The reproducer is here. repro-deadlock-v7.sh![]()
Please run this script with Lustre before applying "LU-19014 memcg: fix client hang in balance_dirty_pages()"
While the root cause exists in all Lustre versions that have
`osc_extent_find()`, two recent changes significantly reduce the
likelihood of hitting this deadlock:
1. LU-19014: fix client hang in balance_dirty_pages()
This change adds a mechanism
in `osc_cache_writeback_range()` that converts OES_ACTIVE extents
back to OES_CACHE and places them on the urgent list when the
system detects dirty-exceeded conditions (`IO_PRIO_DIRTY_EXCEEDED`).
This dramatically reduces the time an extent stays in OES_ACTIVE
state, shrinking the race window. In testing with master,
the reproducer could not trigger the
deadlock: kswapd writeback was near zero because dirty pages were
flushed proactively before kswapd needed to intervene.
However, this is not a complete fix – the race window still exists
when the system is not in a dirty-exceeded state.

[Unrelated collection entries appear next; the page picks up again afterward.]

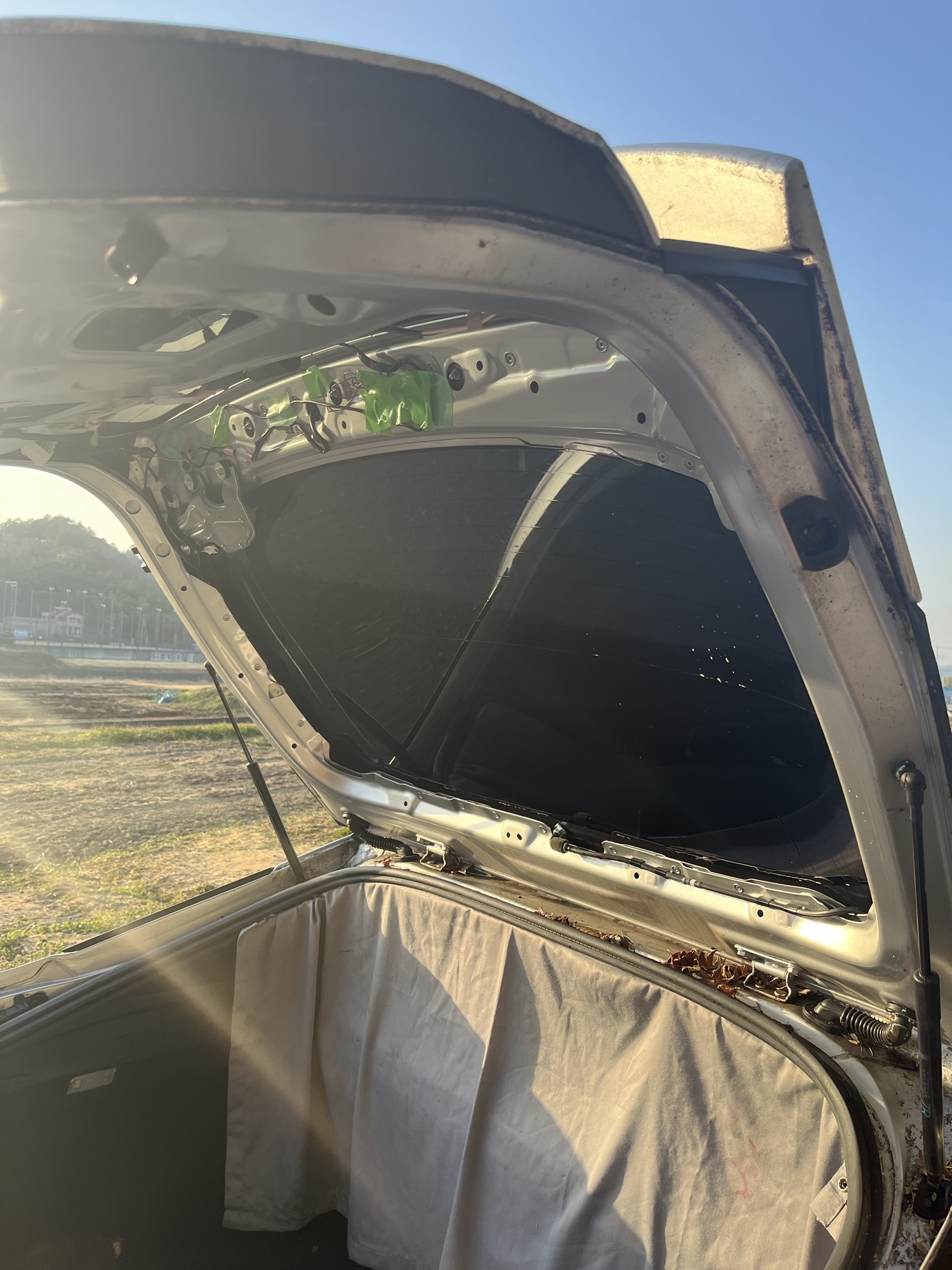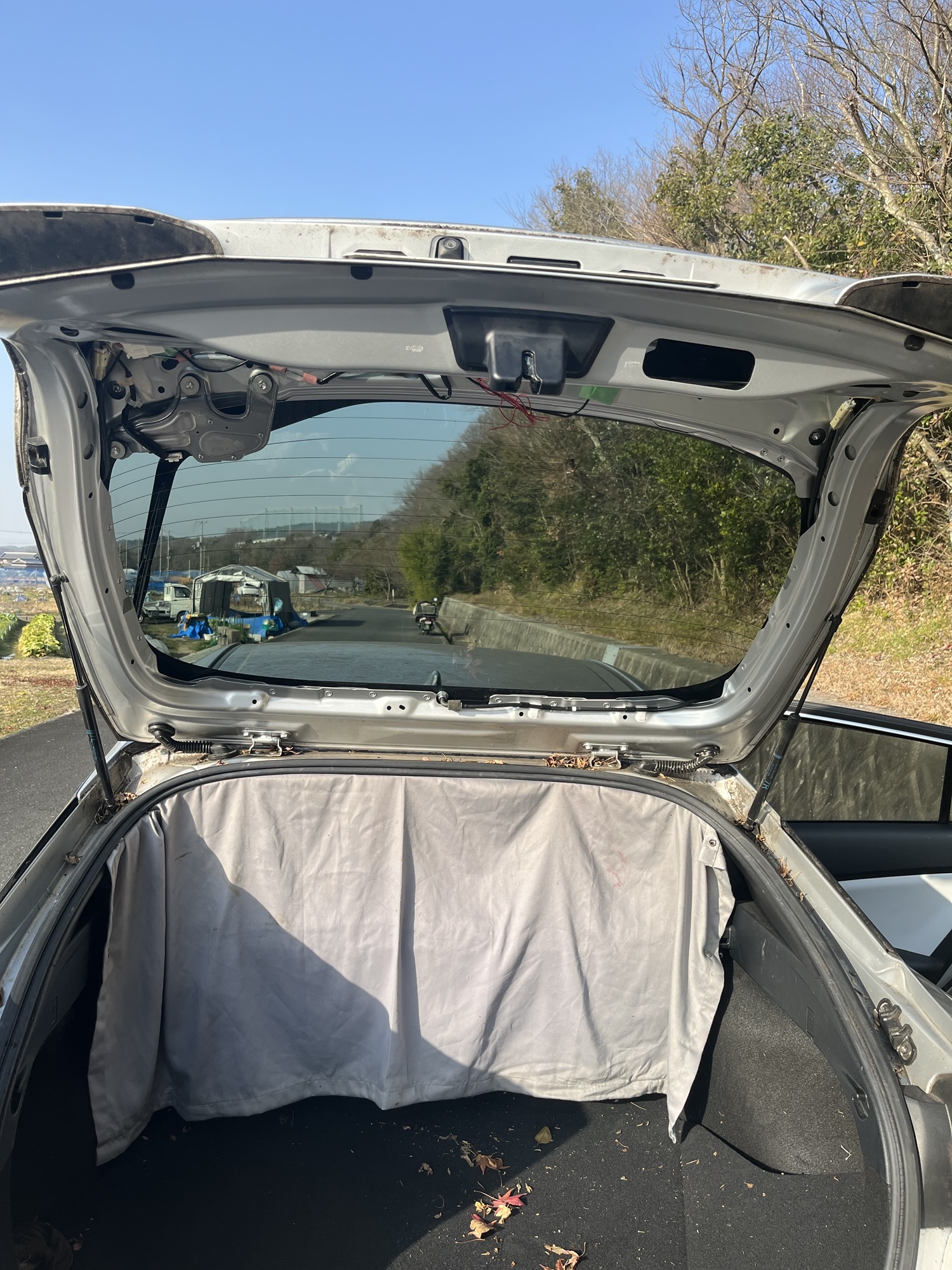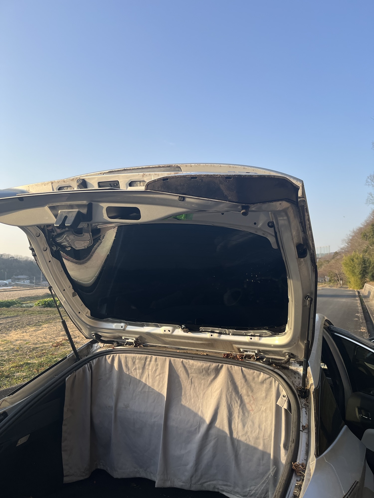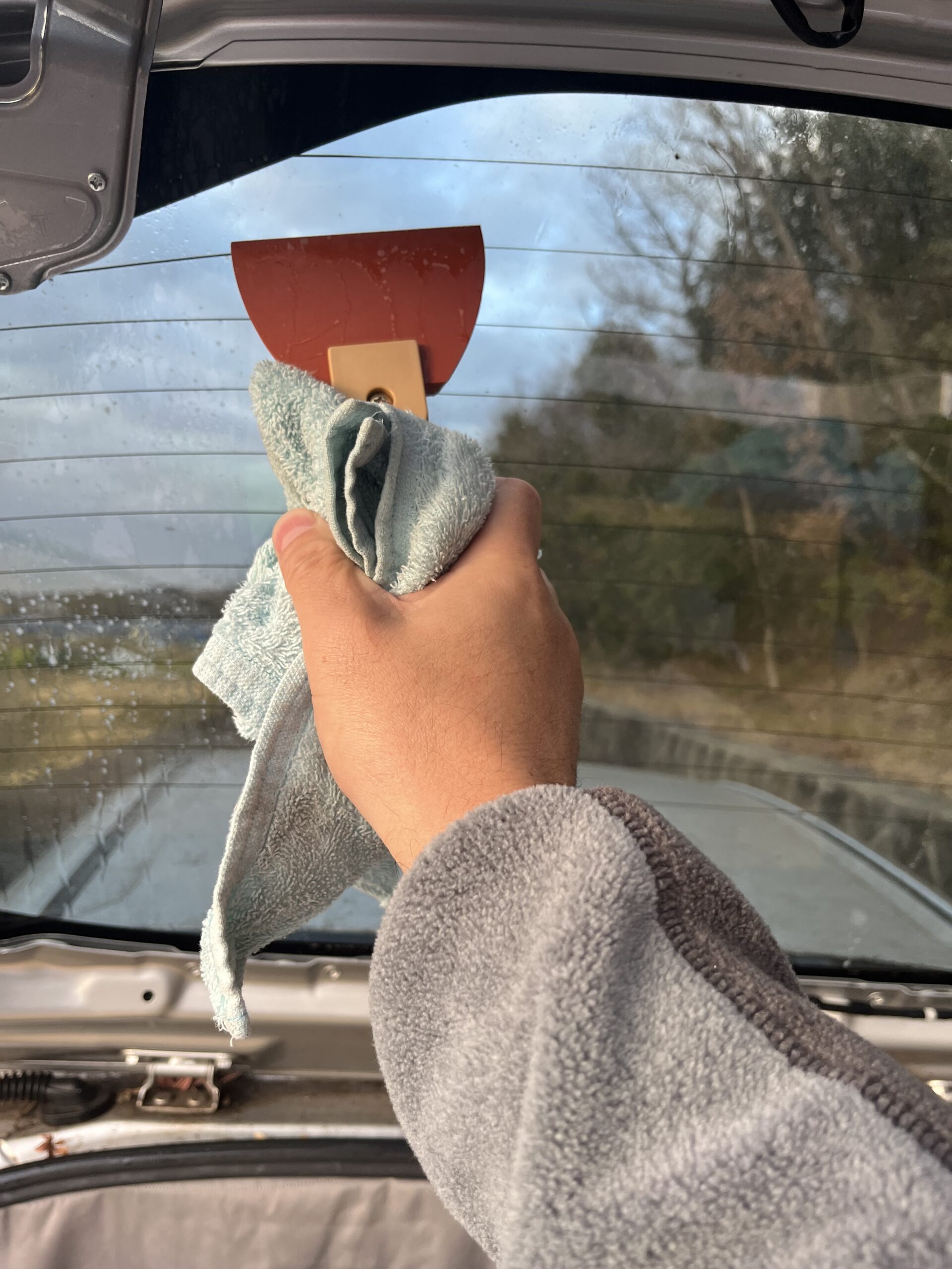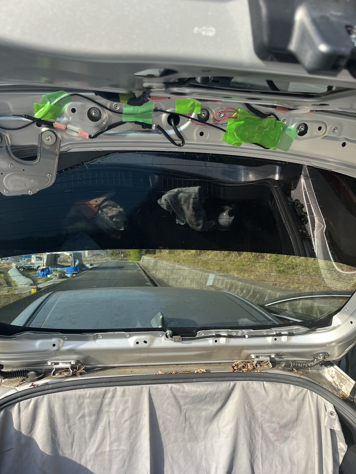 とりあえず下半分をつけました。下半分と言うのは、バックドアを閉めたときの状態です。フィルムは2枚重ねあわせますが、この順番で貼るのがいいとにネットで勉強しました。所々にシワが入ってますが、出来る限り伸ばして、中の空気も全て出しました。本当はここで乾くまで待って、上側のフィルムを貼ったほうがよかったかもしれません。実際に上側のフィルムを貼っていたら、先に貼っていた下側のフィルムがずれたり、色々と大変でした。
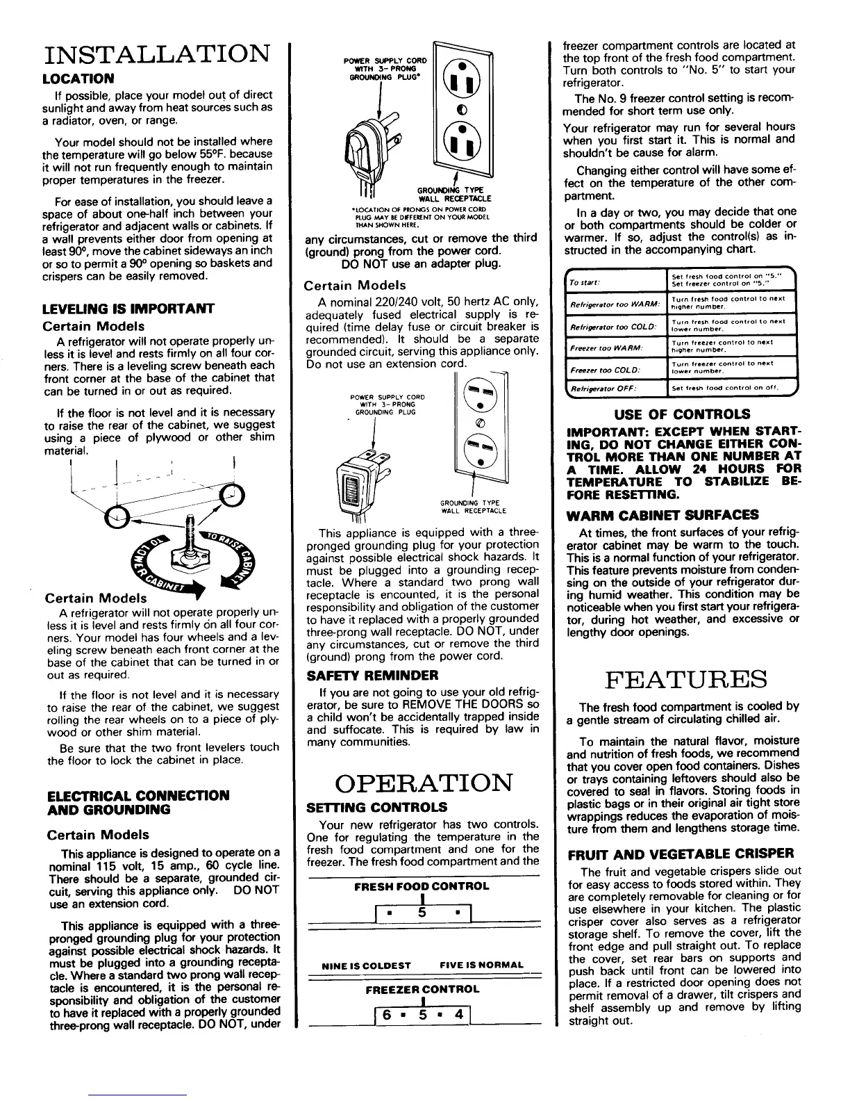 LEVEMNG IS IMPORTANT A nominal 220/240 volt, 50 hertz AC only, R_qrige,_t..... WARM".............
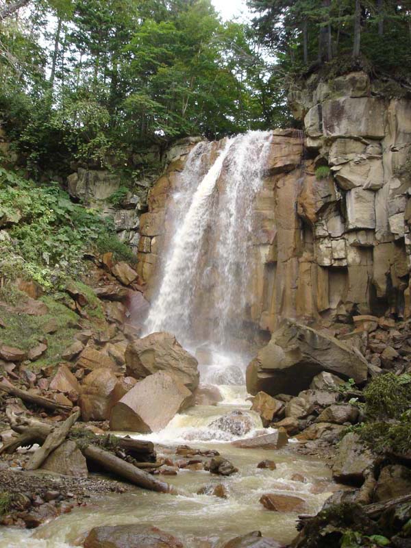 そして「白藤の滝」を見る。 なんだか人工のような滝だ。 もちろん何も手は加えてないと思うが。 スパッと切れた岩から落ちる滝はとてもよかった。 だけど台風の影響(?)で水が濁っていたのが残念…… 再び阿寒湖に向かう。
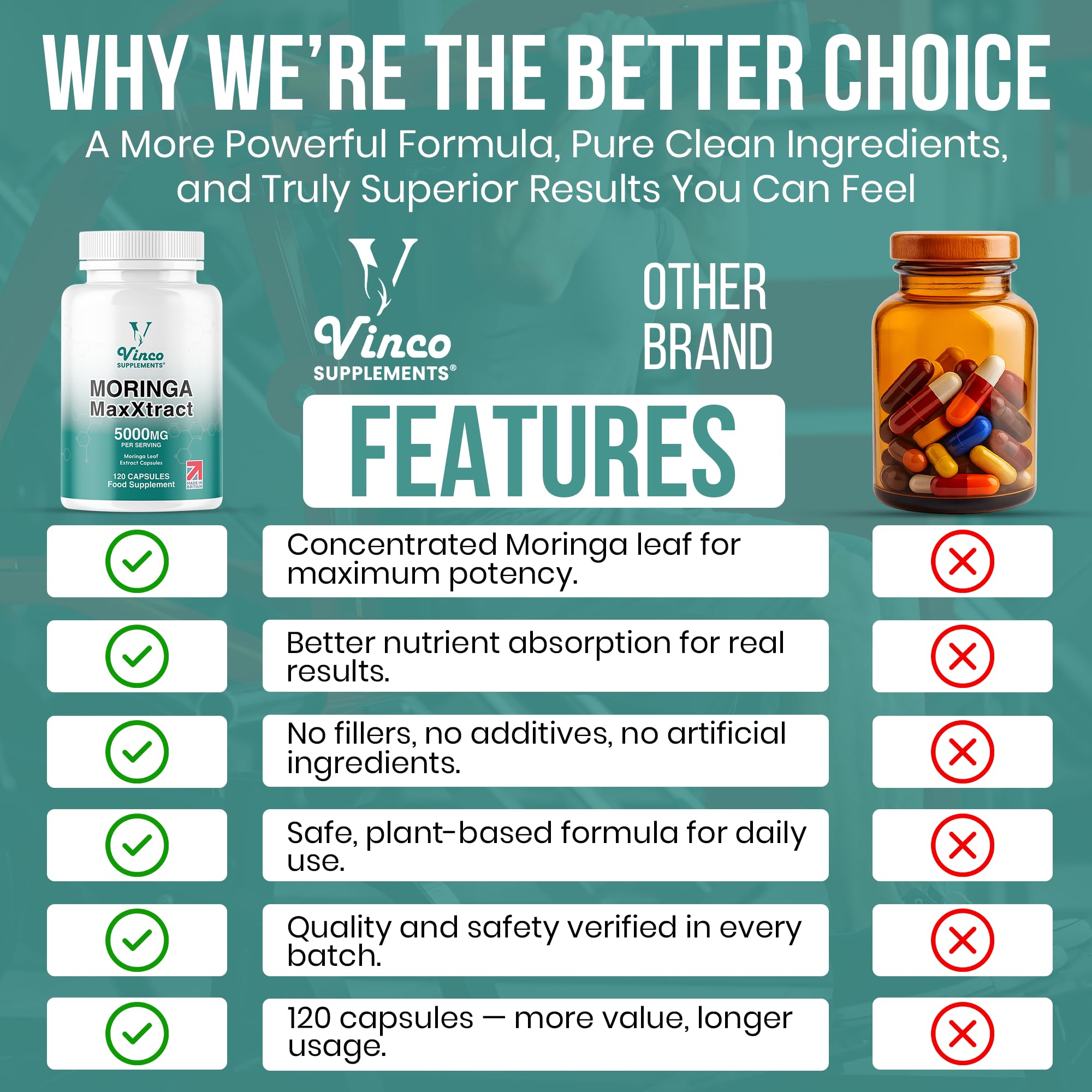 • Absolutely Pure Ingredients - Free from unnecessary additives, fillers, or binders that dilute effectiveness. Every capsule is 100% vegan, non-GMO, and gluten-free. This clean formulation means you receive only the beneficial Moringa compounds your body can actually use.

2. LU-18675: drop writepage() implementation
This change (under review) removes the `ll_writepage()` callback
for kernels with `HAVE_FILEMAP_GET_FOLIOS` (>= 6.x). Without
`.writepage`, kswapd cannot call `osc_flush_async_page()` on
individual pages, eliminating the trigger for this deadlock entirely.
On older kernels (RHEL 8/9 with 4.18/5.14) where `.writepage` is
still registered, the deadlock remains possible.